Thermal power station
- Primary fuel: Geothermal

Power generation
- Nameplate capacity: 140 MW (190,000 hp)

= Turkana Geothermal Power Station =

Kenyan power station

The Turkana Geothermal Power Station is a 140 MW geothermal power station under development in Kenya.

==Location==
The power station would be located in the Suguta Valley, Turkana County, in the semi-arid north-western Kenya, immediately south of Lake Turkana. This location is near the settlement of Katilia, approximately 168 km, by road, south-east of Lodwar, where the county headquarters are located. This location is approximately 479 km, by road, north-northwest of Nairobi, Kenya's capital and largest city.

==Overview==
Reconnaissance surveys by a team from the British Geological Survey indicated the occurrence of a hydro-thermal system in the project area. In 2011, further surface studies revealed a high-temperature resource area covering 60 km2, with sub-surface temperatures of about 281 C and an estimated potential to generate up to 1 GW of base load geothermal electricity.
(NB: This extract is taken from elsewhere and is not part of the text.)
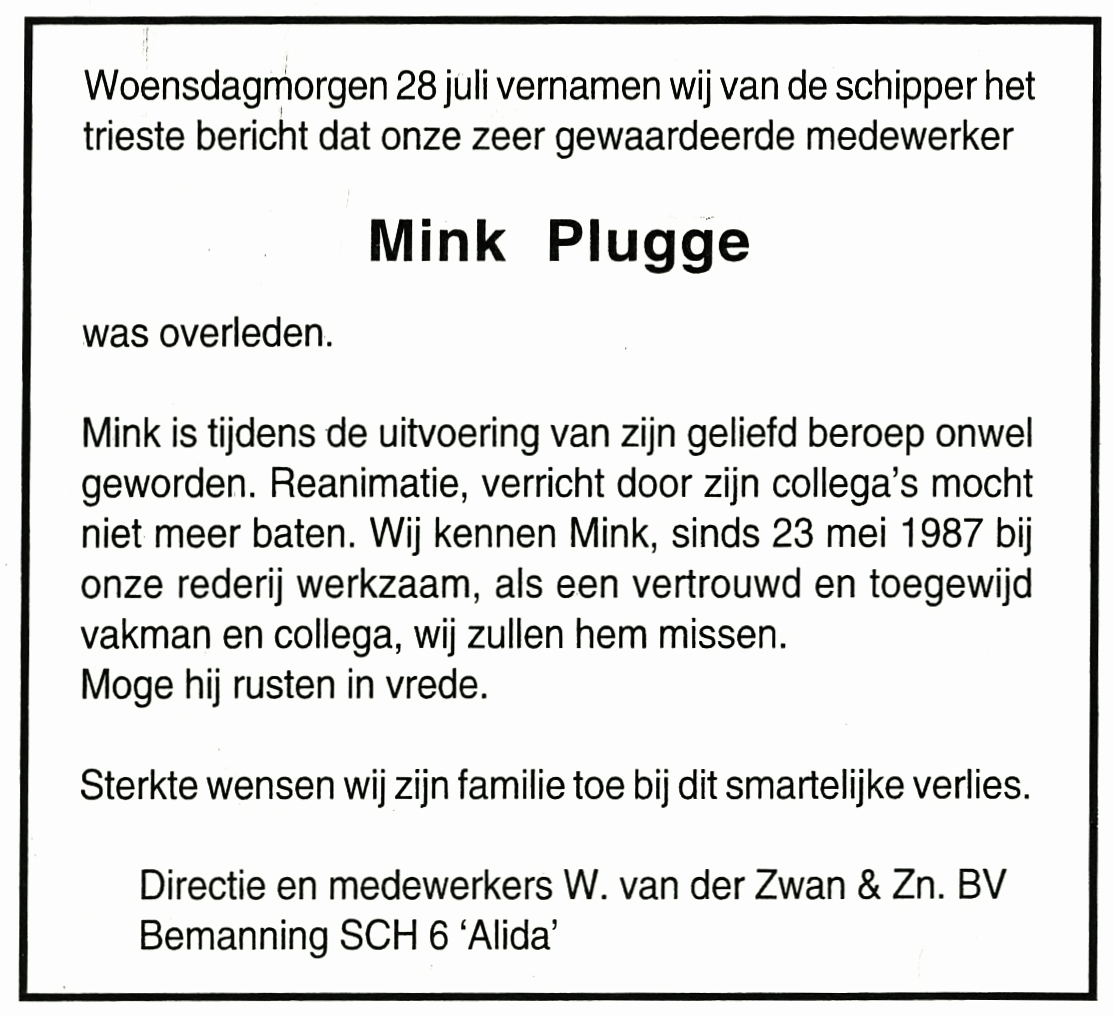 Tijdens werkzaamheden aan boord overleed de 48-jarige Minnekus Plugge. Het lichaam werd in het Schotse Aberdeen aan wal gebracht alwaar Scotland Yard een acute hartstilstand als doodsoorzaak vaststelde. Veertien dagen nadien werd het lichaam naar Nederland overgebracht waar Plugge op 13 augustus op de Algemene Begraafplaats ter aarde werd besteld.

Olsuswa Energy Limited, a locally registered company plans to develop this power station, starting with a 70 megawatt power station, which is expected to expand to 140 megawatts, over a five to eight-year period. The electricity generated is expected to be interrelated into the national electricity grid.

In April 2018, Olsuswa Energy Limited signed a memorandum of understanding with the Turkana County government in the presence of the elected leaders of the community and the public. The development is expected to bring jobs and improved living standards of the residents.

==Ownership==
The co-owners of the project under Olsuswa Energy Limited are Olsuswa Power Limited, a Kenyan owned power developer owned by the Manga Mugwe family office and Frontier Energy, Denmark. The project area covers an estimated 136 km2.

==Funding==
The entire project is expected to cost US$1 billion, spread out over a 5-8 year period. The owner/developers expect to raise the funds though equity and institutional loans. In November 2017, the African Union Commission granted US$980,000 towards the development of this power station.